→ **Dataset records**:
┏━━
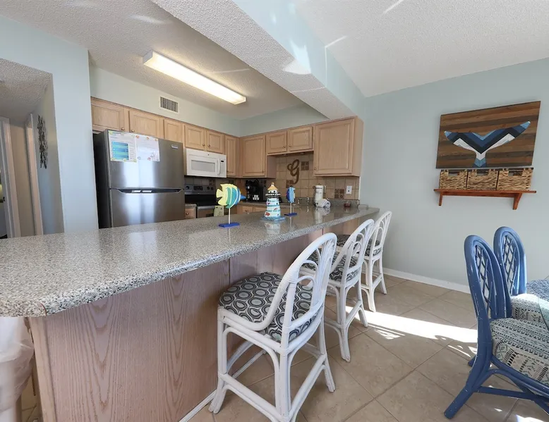 ***New Listing Alert!! See our 200+ 5 star reviews across other properties and book worry free. Discover the ultimate beachfront retreat in this spacious 3-bedroom, 2-bathroom corner unit, perfectly designed for comfort and relaxation. Located in the heart of Orange Beach, this condo offers stunning views of the Gulf of Mexico and direct beach access, making it the ideal destination for your next getaway. The space *Please note that a construction project will be taking place beginning July 28th 2025 and will continue through the end of November. During this time, there will be noise as they grind the concrete walkways and balconies to prepare for a new floor coating to be installed. The condo is blocked out during times that the walkway or balcony will be inaccessible, and renters are welcome during the other times, with the understanding that there will likely be some noise and possibly dust. Condo Highlights: Master Bedroom: Features a luxurious king-size bed, an ensuite bath with a beautifully tiled walk-in shower, and ample storage space. Guest Rooms: Both guest bedrooms are equipped with queen-size beds. One bedroom has private access to the second bathroom for added convenience. Living Room: Includes a comfortable sleeper sofa, bringing the sleeping capacity to 8. Relax and unwind while enjoying the breathtaking views from the large balcony. Kitchen & Dining: A fully equipped kitchen with all the essentials makes meal preparation a breeze. Adjacent is a cozy bar area complete with a drink cooler and ice maker, perfect for entertaining. Tile Flooring: Easy-to-clean tile floors extend throughout the unit, adding a touch of elegance and practicality. Outdoor Features: Private Balcony: Spacious and furnished with durable polywood Adirondack chairs, the balcony offers unparalleled views of the beach and Gulf. It's the perfect spot to enjoy morning coffee or evening sunsets. Resort Amenities: Outdoor pool and heated indoor pool Sauna and steam room Two tennis courts Direct access to the beach just steps away Whether you're looking to relax by the pool, enjoy a day on the beach, or explore the vibrant local attractions, Seaside Beach and Racquet Club Unit 5814 is the perfect home away from home. Book your stay today and start making unforgettable memories! At Coastal South Vacation Rentals, we believe that every detail counts when it comes to ensuring a memorable stay. That's why each reservation includes a thoughtful starter set of amenities to kickstart your vacation with ease. From paper towels to dish detergent, laundry essentials to toiletries, and even snacks and K-cups for that morning pick-me-up, we've got you covered. But it doesn't stop there. Our commitment to excellence extends beyond just amenities. We take pride in providing top-notch cleaning services, clear communication, and ensuring guest satisfaction at every turn. Whether you have questions about the property, need recommendations for local attractions, or require assistance during your stay, our dedicated team is here to help. Your comfort and satisfaction are our top priorities. So sit back, relax, and let us take care of the rest. Your dream beach getaway awaits! -Primary guest must be 25 or older and present for the duration of the stay. -Signed rental agreement and picture of ID required after booking. -Parking passes must be purchased from security upon arrival. No more than 2 vehicles per unit are allowed. Parking passes are $50 each. Guest access Guests will have full access to the entire condo and all amenities on site, with the exception of one small locked owners closet in the condo.
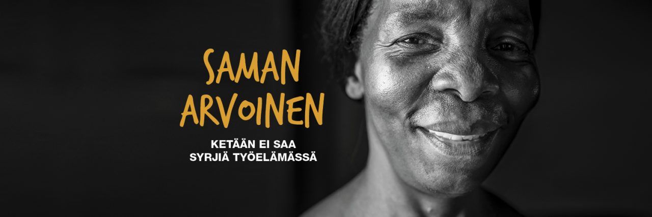 SASKin Saman arvoinen -kampanja tähtäsi siihen, ettei ketään syrjittäisi työpaikalla uskontoon, rotuun, sukupuoleen, poliittiseen katsomukseen, järjestäytymiseen, seksuaaliseen suuntautumiseen, vammaisuuteen tai muuhun ominaisuuteen perustuen. Kansainvälisen työjärjestön ILOn työelämän perusoikeudet kieltävät syrjinnän.
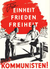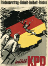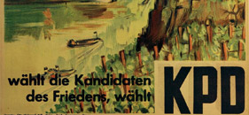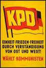 Die Kommunistische Partei Deutschlands (Kurzbezeichnung; KPD) wurde am 30. Dezember 1918 gegründet. Ihr Ziel war die Errichtung des Kommunismus in Die Partei ging aus mehreren linksrevolutionären Gruppierungen hervor, die sich nach dem Ersten Weltkrieg im Verlauf der Novemberrevolution von 1918 vereinten. Ihr Verhältnis zum Parlamentarismus und zur Demokratie war gespalten, da sie die„bürgerliche Demokratie“ durch eine sozialistische Räte-Republik ersetzen wollte, aber dennoch an Wahlen teilnahm. Seit 1919 war sie Mitglied, der von Lenin und später von Stalin inhaltlich dominierten Kommunistischen Internationale (Komintern), die auch als Dritte Internationale bezeichnet wird. | ![]() |
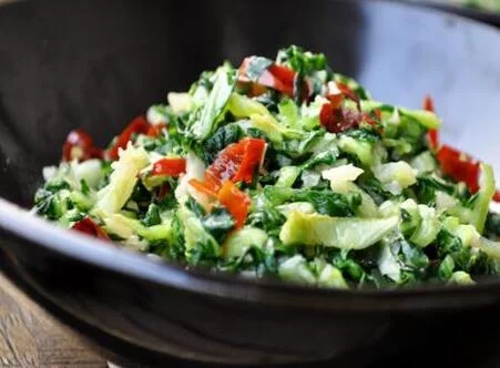 1.菜碎放入盆中,撒上1小匙食盐,将菜碎搓揉均匀,用盘扣压紧实后腌制(夏天需搁置冰箱);
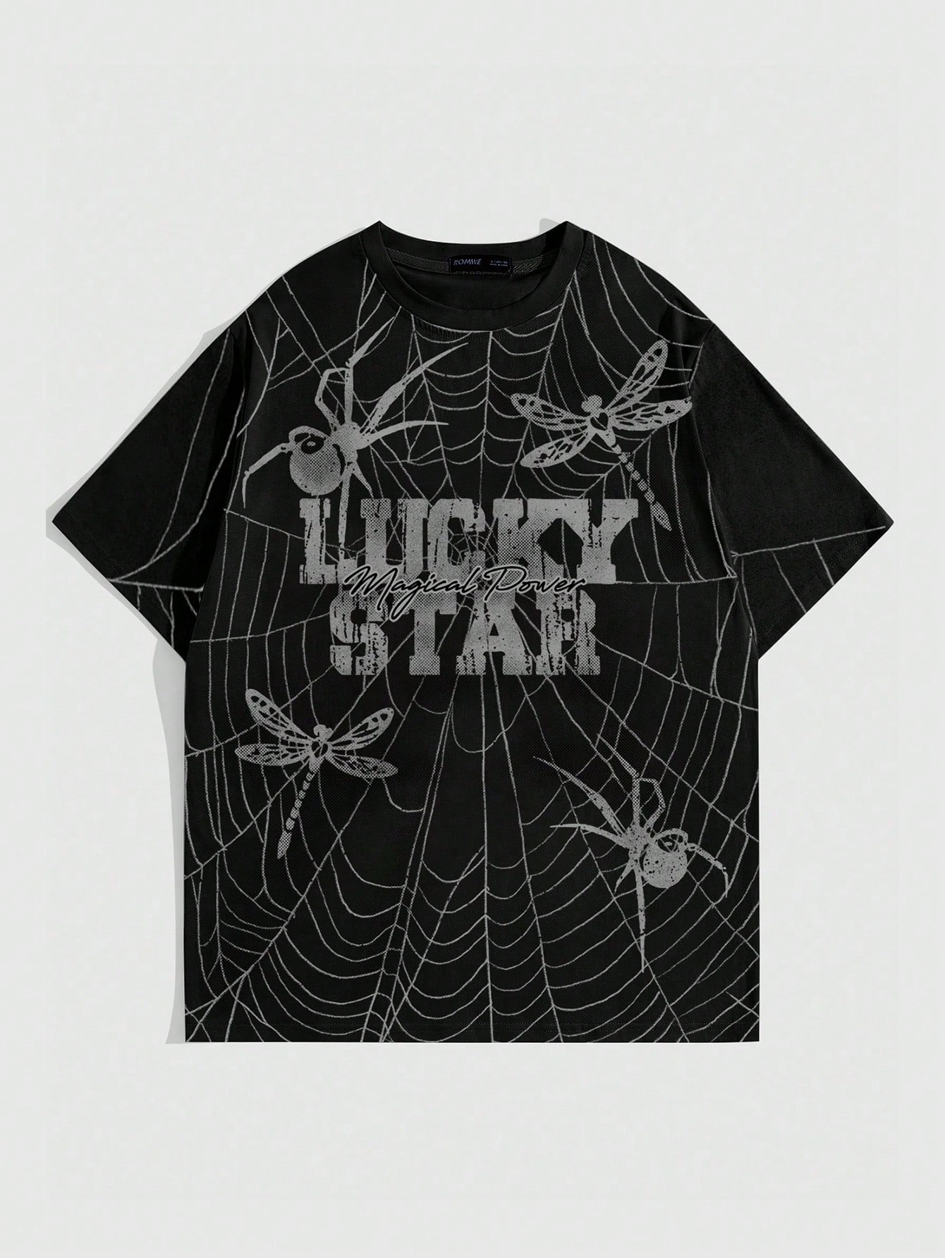 Maglietta casual da uomo a maniche corte con stampa all-over e collo rotondo, adatta per uso quotidiano
┗━━
Give back all of the entries above exactly, with the pictures excluded.

 ***New Listing Alert!! See our 200+ 5 star reviews across other properties and book worry free. Discover the ultimate beachfront retreat in this spacious 3-bedroom, 2-bathroom corner unit, perfectly designed for comfort and relaxation. Located in the heart of Orange Beach, this condo offers stunning views of the Gulf of Mexico and direct beach access, making it the ideal destination for your next getaway. The space *Please note that a construction project will be taking place beginning July 28th 2025 and will continue through the end of November. During this time, there will be noise as they grind the concrete walkways and balconies to prepare for a new floor coating to be installed. The condo is blocked out during times that the walkway or balcony will be inaccessible, and renters are welcome during the other times, with the understanding that there will likely be some noise and possibly dust. Condo Highlights: Master Bedroom: Features a luxurious king-size bed, an ensuite bath with a beautifully tiled walk-in shower, and ample storage space. Guest Rooms: Both guest bedrooms are equipped with queen-size beds. One bedroom has private access to the second bathroom for added convenience. Living Room: Includes a comfortable sleeper sofa, bringing the sleeping capacity to 8. Relax and unwind while enjoying the breathtaking views from the large balcony. Kitchen & Dining: A fully equipped kitchen with all the essentials makes meal preparation a breeze. Adjacent is a cozy bar area complete with a drink cooler and ice maker, perfect for entertaining. Tile Flooring: Easy-to-clean tile floors extend throughout the unit, adding a touch of elegance and practicality. Outdoor Features: Private Balcony: Spacious and furnished with durable polywood Adirondack chairs, the balcony offers unparalleled views of the beach and Gulf. It's the perfect spot to enjoy morning coffee or evening sunsets. Resort Amenities: Outdoor pool and heated indoor pool Sauna and steam room Two tennis courts Direct access to the beach just steps away Whether you're looking to relax by the pool, enjoy a day on the beach, or explore the vibrant local attractions, Seaside Beach and Racquet Club Unit 5814 is the perfect home away from home. Book your stay today and start making unforgettable memories! At Coastal South Vacation Rentals, we believe that every detail counts when it comes to ensuring a memorable stay. That's why each reservation includes a thoughtful starter set of amenities to kickstart your vacation with ease. From paper towels to dish detergent, laundry essentials to toiletries, and even snacks and K-cups for that morning pick-me-up, we've got you covered. But it doesn't stop there. Our commitment to excellence extends beyond just amenities. We take pride in providing top-notch cleaning services, clear communication, and ensuring guest satisfaction at every turn. Whether you have questions about the property, need recommendations for local attractions, or require assistance during your stay, our dedicated team is here to help. Your comfort and satisfaction are our top priorities. So sit back, relax, and let us take care of the rest. Your dream beach getaway awaits! -Primary guest must be 25 or older and present for the duration of the stay. -Signed rental agreement and picture of ID required after booking. -Parking passes must be purchased from security upon arrival. No more than 2 vehicles per unit are allowed. Parking passes are $50 each. Guest access Guests will have full access to the entire condo and all amenities on site, with the exception of one small locked owners closet in the condo.
 SASKin Saman arvoinen -kampanja tähtäsi siihen, ettei ketään syrjittäisi työpaikalla uskontoon, rotuun, sukupuoleen, poliittiseen katsomukseen, järjestäytymiseen, seksuaaliseen suuntautumiseen, vammaisuuteen tai muuhun ominaisuuteen perustuen. Kansainvälisen työjärjestön ILOn työelämän perusoikeudet kieltävät syrjinnän.
 Die Kommunistische Partei Deutschlands (Kurzbezeichnung; KPD) wurde am 30. Dezember 1918 gegründet. Ihr Ziel war die Errichtung des Kommunismus in Die Partei ging aus mehreren linksrevolutionären Gruppierungen hervor, die sich nach dem Ersten Weltkrieg im Verlauf der Novemberrevolution von 1918 vereinten. Ihr Verhältnis zum Parlamentarismus und zur Demokratie war gespalten, da sie die„bürgerliche Demokratie“ durch eine sozialistische Räte-Republik ersetzen wollte, aber dennoch an Wahlen teilnahm. Seit 1919 war sie Mitglied, der von Lenin und später von Stalin inhaltlich dominierten Kommunistischen Internationale (Komintern), die auch als Dritte Internationale bezeichnet wird. | ![]() |
 1.菜碎放入盆中,撒上1小匙食盐,将菜碎搓揉均匀,用盘扣压紧实后腌制(夏天需搁置冰箱);
 Maglietta casual da uomo a maniche corte con stampa all-over e collo rotondo, adatta per uso quotidiano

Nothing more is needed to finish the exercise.